The energy in reflected light is not available to warm the surface, but bounces out into space.
After that it gets interesting. For example, the reflectivity of snow is very different in the visible (it is very high) and in the infrared (it is very low). Reflectivity depends on the age of the snow, etc. This all has interesting consequences and some scientists have spent their professional lives working on these issues.
Meanwhile another life lost.
@ Richard
But the NYT article breaks with tradition, & hedges its bet by attempting to now link the colder-than-average with 'climate'.
Sorry readers. My impatience resulted in multiple repetition.
@ HC
1. Was your response aimed at SR's earlier posting (A Victorian Disaster)?
2. Considering the Kengo Kuma design appears very reflective, it may in fact help mitigate Global Warming.
I see. It's colder because it's getting warmer. Genius.
@ ER
"It's pretty simple really. .......
The energy in reflected light is not available to warm the surface, but bounces out into space."
So, this must be 'weather' and not 'climate' because it's an instantaneous action/reaction.

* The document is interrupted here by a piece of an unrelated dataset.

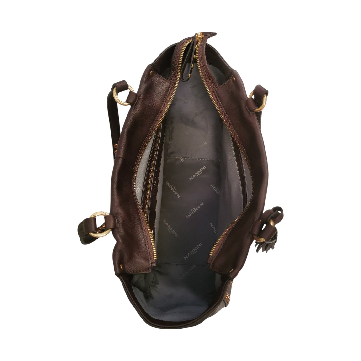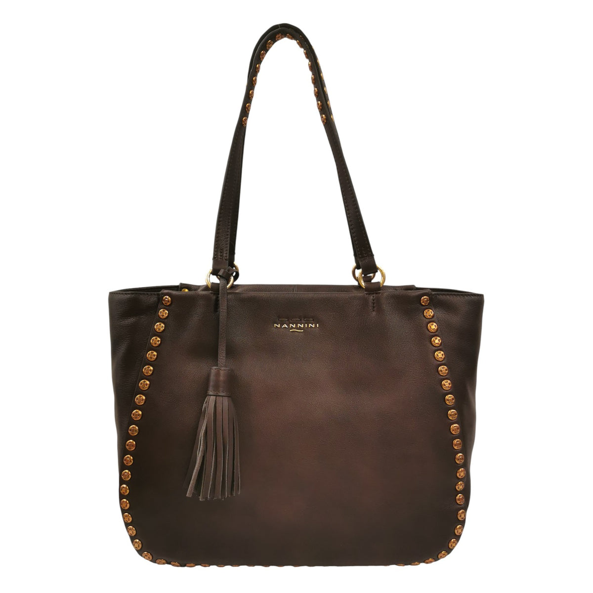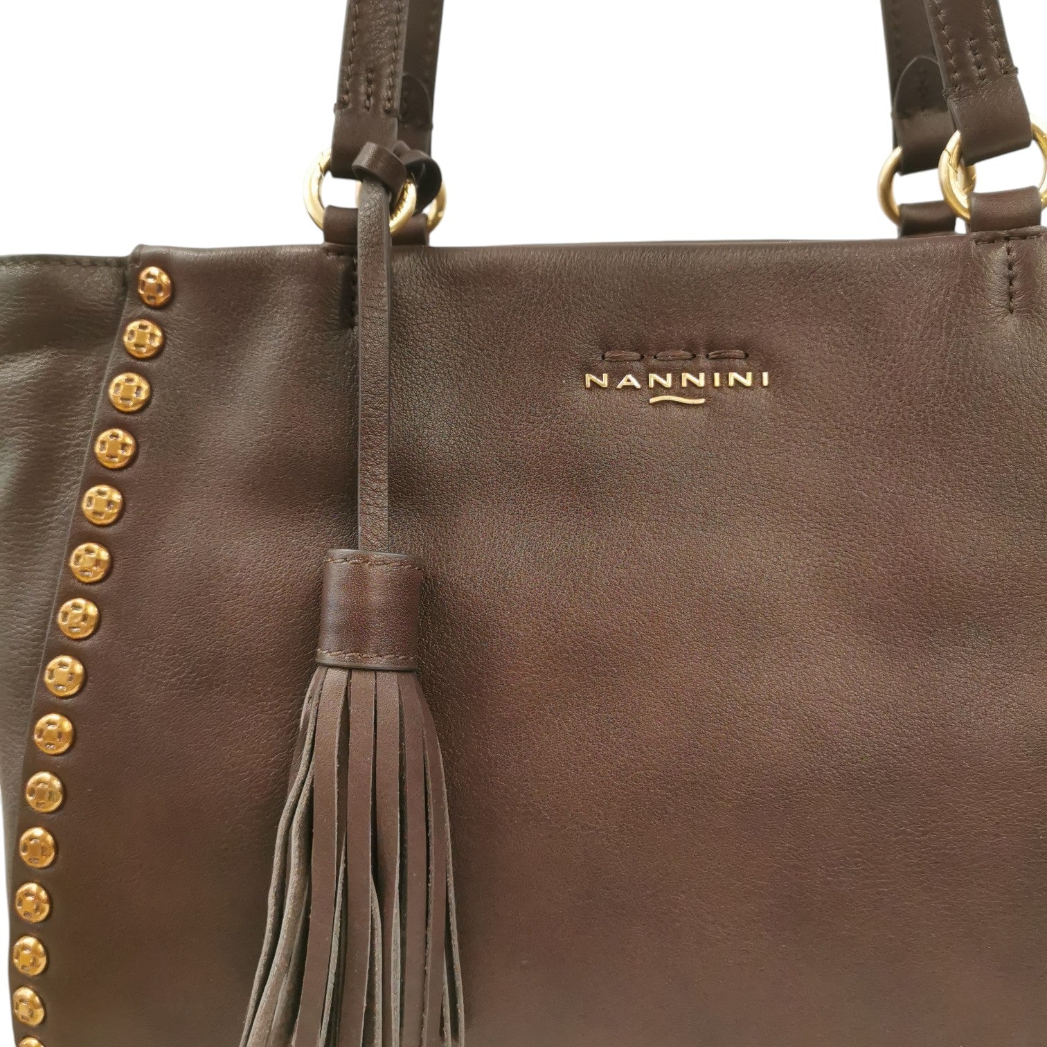 Nannini Firenze Borsa a Spalla Donna in Pelle Marrone con Borchie e Charm

In addition, the multiple reflectivity through multi-layered, multi-faceted 'snow' is 3-dimensional, and some light/heat actually gets 'reflected' downwards. So adding to the earth's specific heat.
@ CH
That Telegraph article sadly reminds us "A total of 348 UK military personnel have died since operations in Afghanistan began in 2001".
And not one British Politician.
@ Richard 21:06
No, no, no.
It's getting warmer because (a) it's colder; and, (b) scientists tell us so.

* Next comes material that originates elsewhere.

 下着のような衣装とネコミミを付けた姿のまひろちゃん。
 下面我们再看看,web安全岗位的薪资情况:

The snow is thawing here at the moment.
How long before that's down to 'global warming' too?
The bottom line seems to be that if we get weather, then it must be due to global warming.
Even when it passes -20C.
@ LI
If the snow is thawing, could it be because it was dirty snow rather than white snow? i.e. has your local authority inadvertently contributed to Global Warming by spreading grit/sand about?

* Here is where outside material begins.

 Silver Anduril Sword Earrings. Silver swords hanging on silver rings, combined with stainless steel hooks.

Which reminds me of another potential 'hole' in the NYT hypothesis. Their article concentrates on the northern hemisphere. And in winter, there isn't much daylight, never mind sun, around the arctic circle, Siberia etc.
I remember having a gas fridge when I was a sprog...seemed to work OK.
Instead of arguing with newspaper articles why not try arguing with articles in science journals.
You know, show that you really understand the complexity of what is going on and can take it on at its own level.
JP - it's thawing because it's above freezing although not by much. The stuff with dirt from cars on it is going faster than the pure-white on the lawns but that always happens.
I'm lucky so far in that global warming hasn't brought down all my guttering, unlike next door.
It's not unusual for this time of year. Last year it partially thawed then froze into an impassable glacier across every street.
It looks to be heading for the same again.
At the risk of being the one skeezy environmentalist in your eyes here, there are regional effects of a greater trend called global warming - a badly named trend. Melting artic ice disrupts oceanic flows, which in the case of Britain particularly disrupts the mid-Atlantic drift which helps to moderate the winter temperature. So the fact we're getting harsher weather IS a result of 'global warming,' it's just that you're taking it at face value.
I'm on an aiport computer right now so can't write much more, but I expect to be ripped to shreds by the time I check this back. I'll go drink my soy milk now.
@ JB
"Instead of arguing with newspaper articles why not try arguing with articles in science journals."
(a) That's what 'Peer Review' is for. [Unless of course you're the IPCC - that august body responsible for publishing the prediction of Himalayan Glacial Melt by 2035]
http://www.guardian.co.uk/environment/2010/jan/20/ipcc-himalayan-glaciers-mistake
(b) It's much more fun.
@ lazaruszine
(a) "....a greater trend called global warming - a badly named trend."
The climate of our planet has always changed. It's been warmer than currently; and, cooler. The term was only realised to be badly named when data and measurements failed to fit the hypothesis (remember 'hide the decline'?)
(b) For 13 years the public been told by some scientists & politicians with vested interests that "The science is settled / solid / clear / compelling"; yet all scientists still fail to agree, PROVING it is not.
White snow being the stuff that covers the poles (and currently the Poles too) and is supposed to be shrinking. But if their area is shrinking, we're losing less heat, so it's a self-correcting phenomenon.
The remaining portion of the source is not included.